If you have to withhold out money from payments to your employees, contractors, or other businesses, you should:
- Enroll for PAYG withholding before it becomes mandatory to deduct from a payment.
- Submit the amounts deducted from wages and other payments to SARS.
- Record the deducted amounts on your monthly EMP201 returns.
- Furnish IRP5/IT3(a) certificates to all employees and other payees.s.
- File an EMP501 reconciliation twice a year (mid-year and annual reconciliation).
What should be included in a payslip?
Pay slips play a crucial role in ensuring that employees receive accurate compensation and entitlements, while also aiding employers in maintaining precise and complete records.
A payslip should include:
- Names of the employer and employee
- Employer’s South African Revenue Service (SARS) VAT registration number (if applicable)
- Pay period and date of payment
- Gross and net pay
- For hourly rates:
- Ordinary hourly rate
- Hours worked at that rate
- Total pay at that rate
- Additional details like loadings, allowances, bonuses, or penalties
- Last day pay rate
- Deductions with amount and details
- Contributions to the Unemployment Insurance Fund (UIF) with amount and fund details.
Collecting Tax File Number
A Tax Reference Number (TRN) is a special number issued by the South African Revenue Service (SARS) for individuals. It’s a personal code for taxes. This number is really important and employees will use it throughout their lives.
Only certain organizations, agencies, and individuals can collect the Tax Reference Number. If you are unsure if you can collect Tax Reference Numbers, you can confirm it with SARS.
When you request a Tax File Number, you are obligated to provide the following information:
- State why you are collecting it, and specify the relevant laws that make you gather the Tax File Information.
- Clearly stating that it’s not offensive if the employee doesn’t want to provide you with their Tax File Information.
- Say something about what will happen if they do not want to provide the Tax File Numbers.
This information must be included in any form soliciting your company’s Tax Reference Number. The justification for the collection of the TRN can be general, as long as it communicates the legal permissions governing its use.
Annual leave
Annual leave, often referred to as holiday pay, enables an employee to receive compensation while taking time away from work. You must pay at least the base rate of pay while employees are on annual leave. This includes extra salary components such as allowances, penalties, and overtime. A full-time employee is entitled to accumulate 21 consecutive days (which equates to 15 working days) of paid annual leave per year of employment, while part-time employees will accrue leave on a pro rata basis. There is no limit on the amount of leave an employee can accumulate each year. Unutilized leave from one year will carry forward to the next. All employees, excluding casual employees, accrue annual leave.

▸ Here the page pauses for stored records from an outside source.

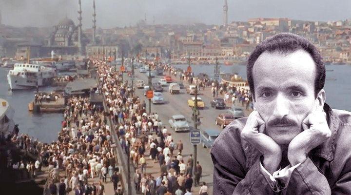 Zaven Biberyan. Fotoğraf: Tilda Mangasar Biberyan Arşivi. / Arka planda İstanbul, 1961 (kolaj).
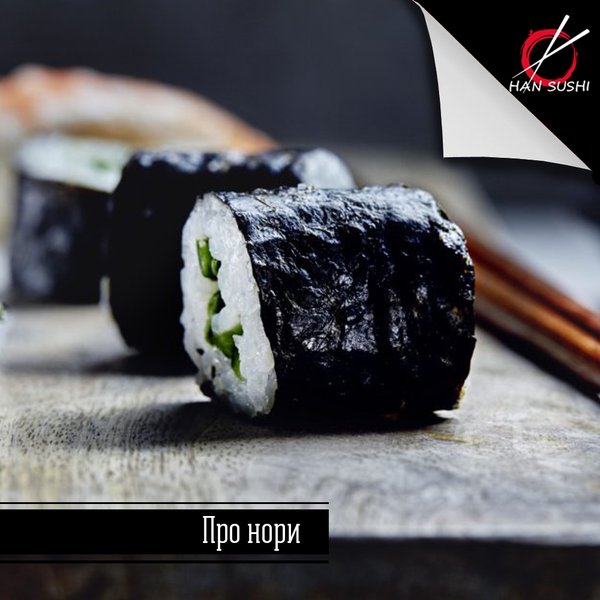 Водоросли Нори — спрессованные, жаренные водоросли, которые используются в качестве каркаса, силовой основы целостности ролла. Именно они удерживают начинку внутри ваших любимых роллов, позволяя придать ей форму. Также используются в качестве обертки для маки роллов Солоноватые листы жаренных водорослей нори придают роллам морской привкус, а также насыщают его многими полезными свойствами! ___________________________________________________
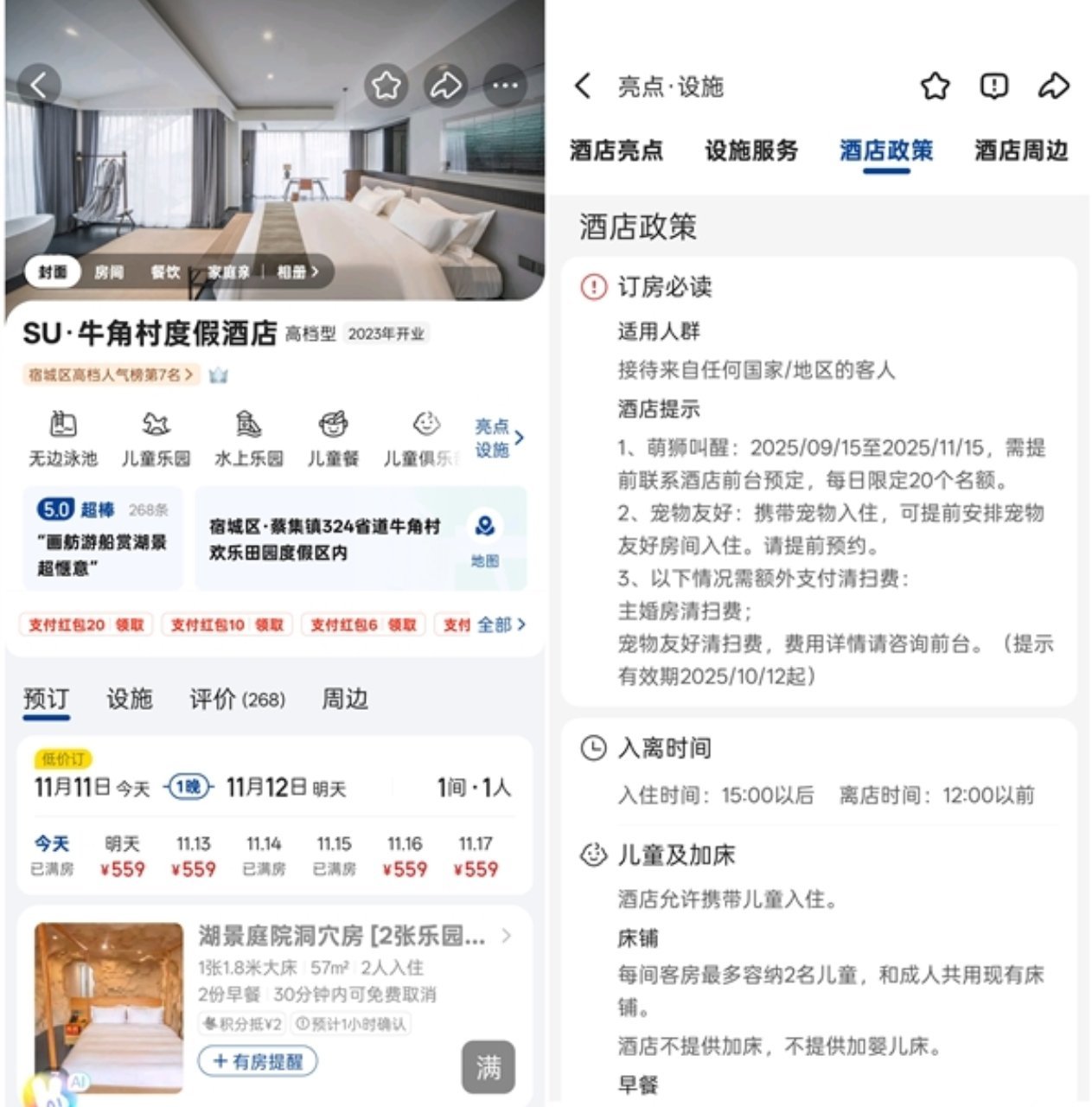 江苏宿迁市牛角村欢乐田园度假区推出“萌狮叫醒”特色服务,吸引众多游客关注。这项服务定价为628元一晚的房型,包含小狮子进入客房互动、餐饮任选和亲子乐园畅玩等项目。
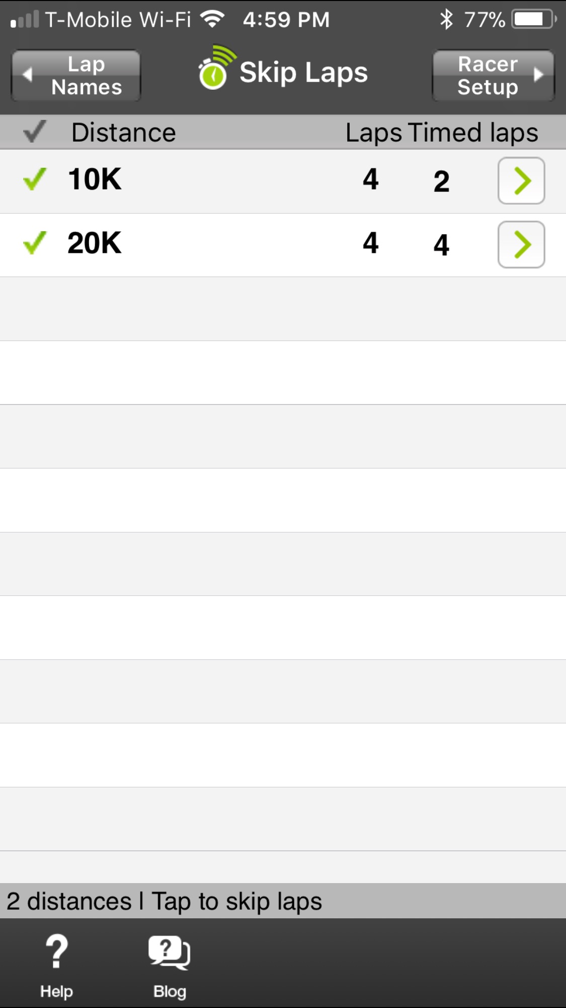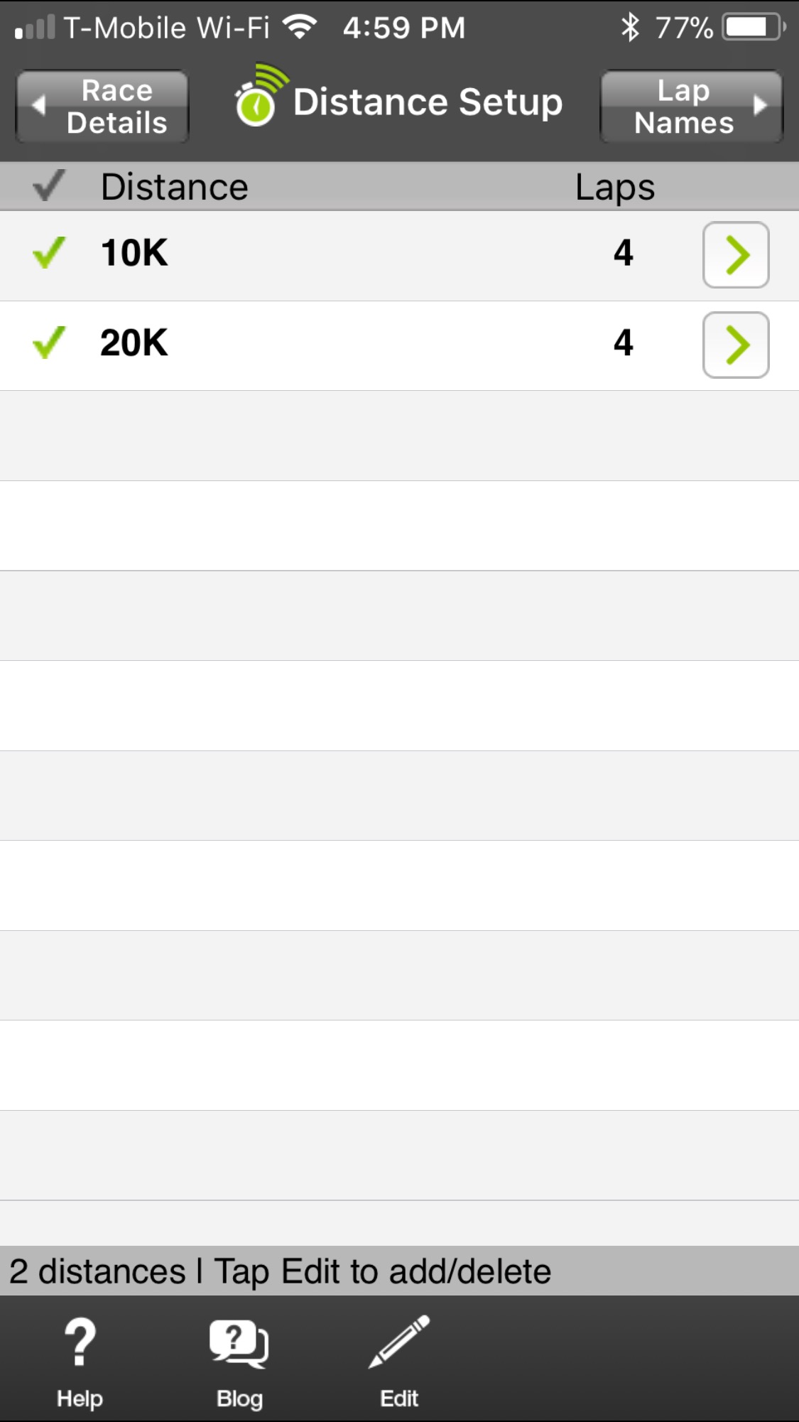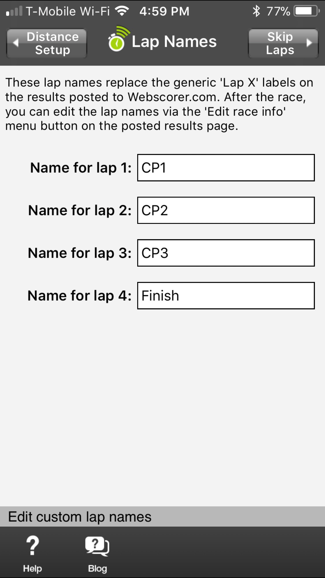 The app will enforce you to customize the lap names to make setting up the race more understandable. You’ll want to use location names (e.g. Lap 2 = To Hilltop) vs. describing the starting and ending point for each lap (e.g. Lap 2 = Gate to Hilltop) as the description may not make sense for all distances which may skip one of the check points.

Annual leave can be accessed at any time by agreement between you as an employer and the employee. If an employee chooses to take annual leave during a pay period, the payslip should indicate both the taken leave and any applicable leave balance.
Age pension
Retirement savings, commonly known as pension in South Africa, constitute the retirement savings framework. When an individual is employed in South Africa, you as an employer are often obligated to contribute a percentage of the employee’s salary to their pension or provident fund. The specific contribution rate can vary depending on the employment contract or union agreements, but it generally ranges between 5% to 15% of the worker’s salary and is in addition to their regular wages. If you’re mandated to contribute to your employees’ pension funds, you must ensure timely payments to their designated pension or provident fund by the specified deadlines, as outlined in the employee’s contract or the provisions of the relevant fund rules.
Monthly contributions should be made by the 7th of the following month or as stipulated by the fund. Always ensure you are familiar with and adhere to the specific deadlines set forth by the pension or provident fund to avoid penalties and ensure the financial well-being of your employees’ future.